* Task to carry out
The answer is the exact run of lines in the listing below from the line containing "根据三个生产基地建设时间,2" up to and including the line containing "For Vivo Y76S", with pictures removed.
Extracted material START
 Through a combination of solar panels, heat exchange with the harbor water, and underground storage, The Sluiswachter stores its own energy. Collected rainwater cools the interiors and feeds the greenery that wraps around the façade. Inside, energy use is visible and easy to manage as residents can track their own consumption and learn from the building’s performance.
Extracted material END
Extracted material START
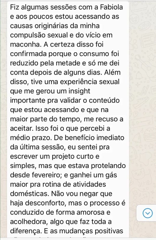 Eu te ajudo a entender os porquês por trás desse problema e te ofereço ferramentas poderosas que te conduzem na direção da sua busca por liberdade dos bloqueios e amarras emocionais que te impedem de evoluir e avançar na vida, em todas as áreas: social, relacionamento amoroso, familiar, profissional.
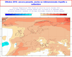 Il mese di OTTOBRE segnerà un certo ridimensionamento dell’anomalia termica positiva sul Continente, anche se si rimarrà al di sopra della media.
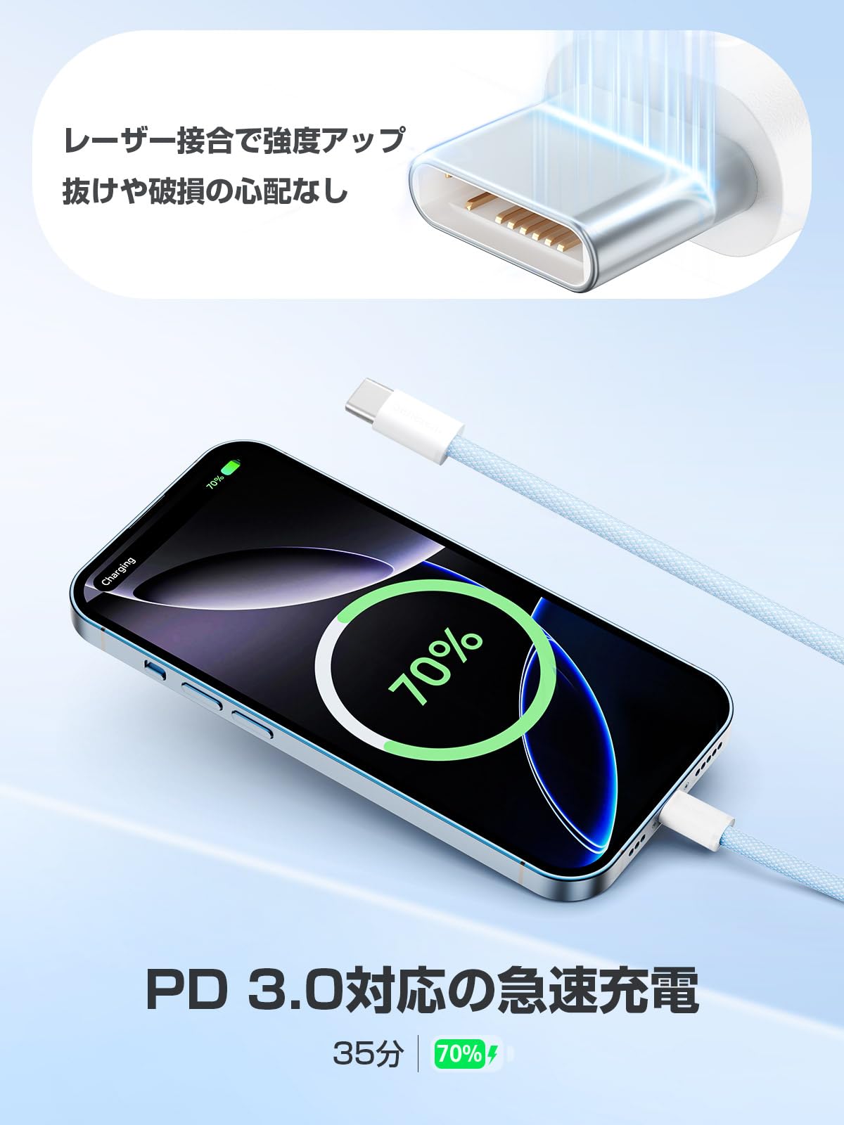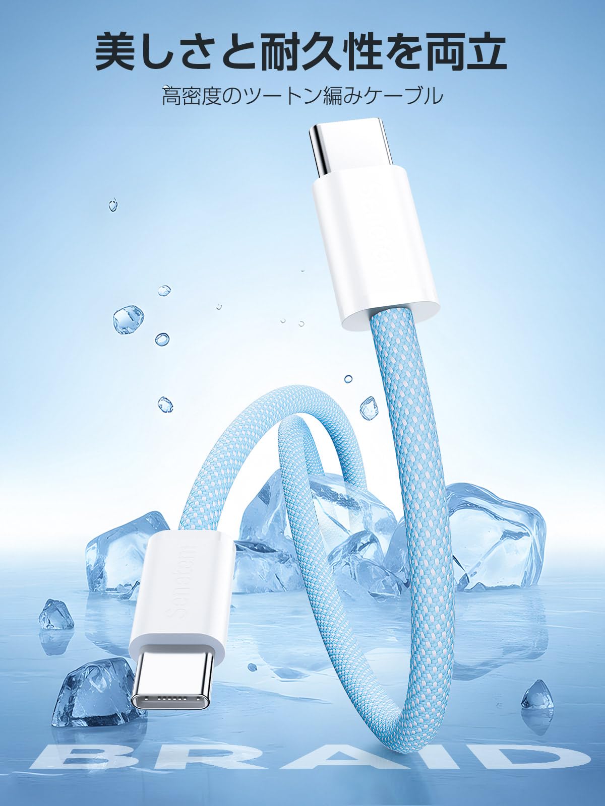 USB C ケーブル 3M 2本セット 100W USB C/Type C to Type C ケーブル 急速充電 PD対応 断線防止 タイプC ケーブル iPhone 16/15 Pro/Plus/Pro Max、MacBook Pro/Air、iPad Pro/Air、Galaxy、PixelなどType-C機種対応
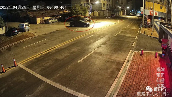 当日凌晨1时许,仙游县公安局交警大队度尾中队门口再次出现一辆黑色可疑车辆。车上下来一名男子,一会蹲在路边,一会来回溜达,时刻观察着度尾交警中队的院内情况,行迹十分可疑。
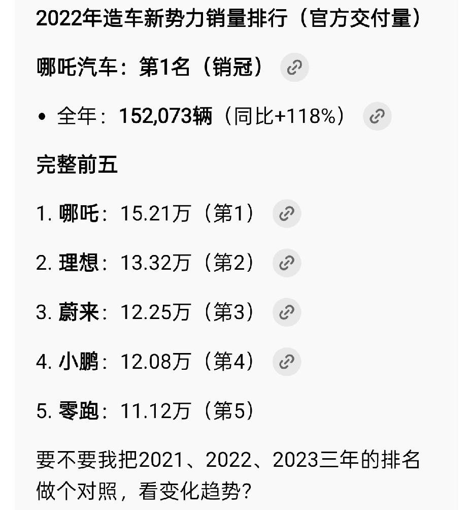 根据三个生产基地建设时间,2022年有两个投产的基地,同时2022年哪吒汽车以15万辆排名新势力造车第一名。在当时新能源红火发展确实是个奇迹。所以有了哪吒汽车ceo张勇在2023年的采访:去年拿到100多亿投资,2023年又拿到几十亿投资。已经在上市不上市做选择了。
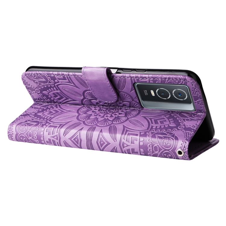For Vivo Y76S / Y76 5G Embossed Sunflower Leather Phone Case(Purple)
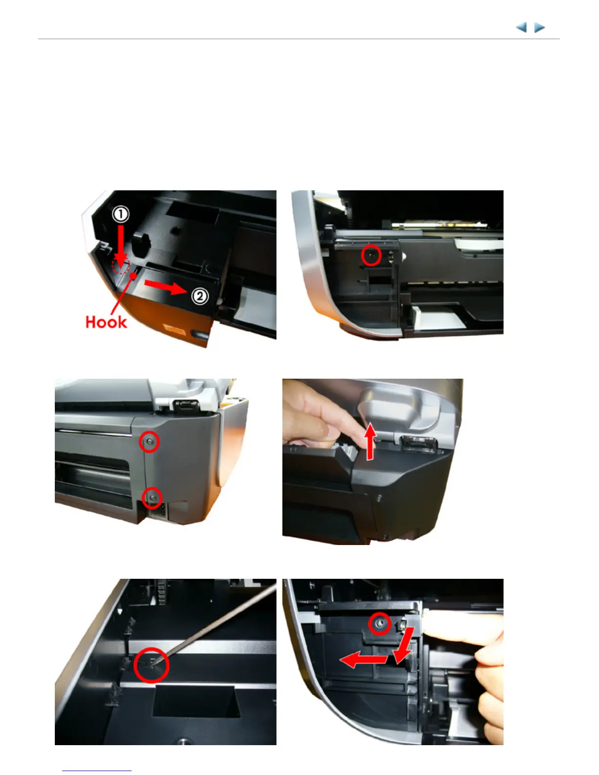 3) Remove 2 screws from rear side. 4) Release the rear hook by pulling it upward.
Extracted material END
* Response to the exercise
 根据三个生产基地建设时间,2022年有两个投产的基地,同时2022年哪吒汽车以15万辆排名新势力造车第一名。在当时新能源红火发展确实是个奇迹。所以有了哪吒汽车ceo张勇在2023年的采访:去年拿到100多亿投资,2023年又拿到几十亿投资。已经在上市不上市做选择了。
For Vivo Y76S / Y76 5G Embossed Sunflower Leather Phone Case(Purple)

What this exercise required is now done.